Collected material -
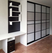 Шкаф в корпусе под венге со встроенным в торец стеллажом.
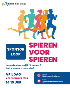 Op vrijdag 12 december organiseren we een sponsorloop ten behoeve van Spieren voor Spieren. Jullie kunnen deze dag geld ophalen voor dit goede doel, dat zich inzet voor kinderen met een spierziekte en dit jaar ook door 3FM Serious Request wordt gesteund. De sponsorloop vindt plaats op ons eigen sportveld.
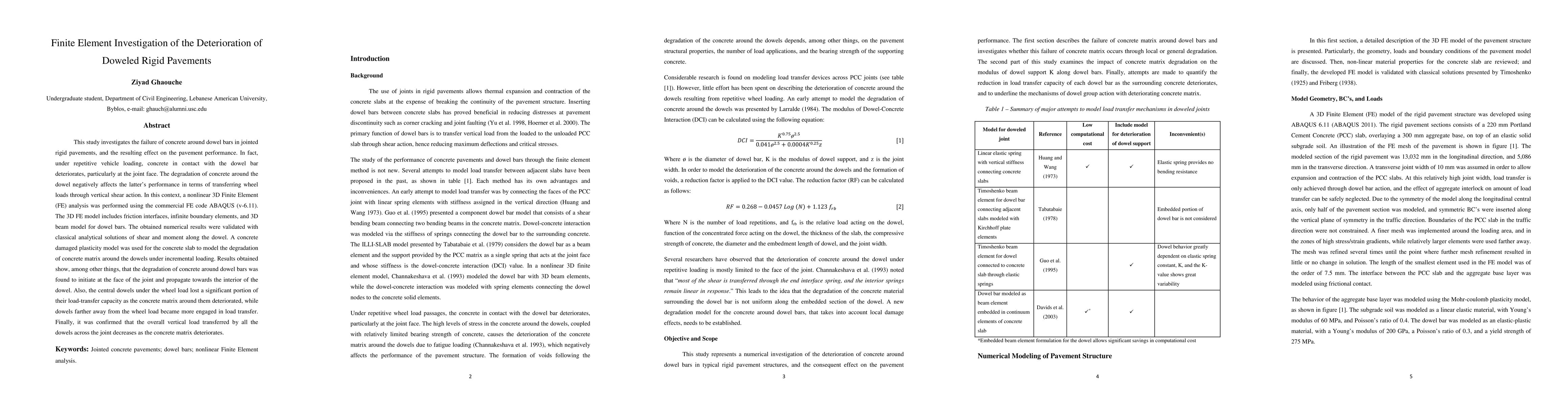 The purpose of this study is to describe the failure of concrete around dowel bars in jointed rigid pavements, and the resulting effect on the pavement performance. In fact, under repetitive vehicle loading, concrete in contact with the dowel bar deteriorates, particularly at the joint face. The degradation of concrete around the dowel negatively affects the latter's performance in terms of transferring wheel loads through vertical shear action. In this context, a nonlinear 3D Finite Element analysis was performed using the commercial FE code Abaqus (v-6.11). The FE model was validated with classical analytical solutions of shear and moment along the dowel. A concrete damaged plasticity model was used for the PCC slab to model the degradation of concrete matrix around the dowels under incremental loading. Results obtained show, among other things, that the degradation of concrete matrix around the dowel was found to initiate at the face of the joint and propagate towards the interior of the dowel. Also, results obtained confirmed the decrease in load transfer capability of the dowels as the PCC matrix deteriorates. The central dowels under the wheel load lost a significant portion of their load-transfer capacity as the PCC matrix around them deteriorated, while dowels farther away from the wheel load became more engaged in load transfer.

Task details -
Quote in full the listing given above; the images are to be left out.

Answer to this problem -
 Шкаф в корпусе под венге со встроенным в торец стеллажом.
 Op vrijdag 12 december organiseren we een sponsorloop ten behoeve van Spieren voor Spieren. Jullie kunnen deze dag geld ophalen voor dit goede doel, dat zich inzet voor kinderen met een spierziekte en dit jaar ook door 3FM Serious Request wordt gesteund. De sponsorloop vindt plaats op ons eigen sportveld.
 The purpose of this study is to describe the failure of concrete around dowel bars in jointed rigid pavements, and the resulting effect on the pavement performance. In fact, under repetitive vehicle loading, concrete in contact with the dowel bar deteriorates, particularly at the joint face. The degradation of concrete around the dowel negatively affects the latter's performance in terms of transferring wheel loads through vertical shear action. In this context, a nonlinear 3D Finite Element analysis was performed using the commercial FE code Abaqus (v-6.11). The FE model was validated with classical analytical solutions of shear and moment along the dowel. A concrete damaged plasticity model was used for the PCC slab to model the degradation of concrete matrix around the dowels under incremental loading. Results obtained show, among other things, that the degradation of concrete matrix around the dowel was found to initiate at the face of the joint and propagate towards the interior of the dowel. Also, results obtained confirmed the decrease in load transfer capability of the dowels as the PCC matrix deteriorates. The central dowels under the wheel load lost a significant portion of their load-transfer capacity as the PCC matrix around them deteriorated, while dowels farther away from the wheel load became more engaged in load transfer.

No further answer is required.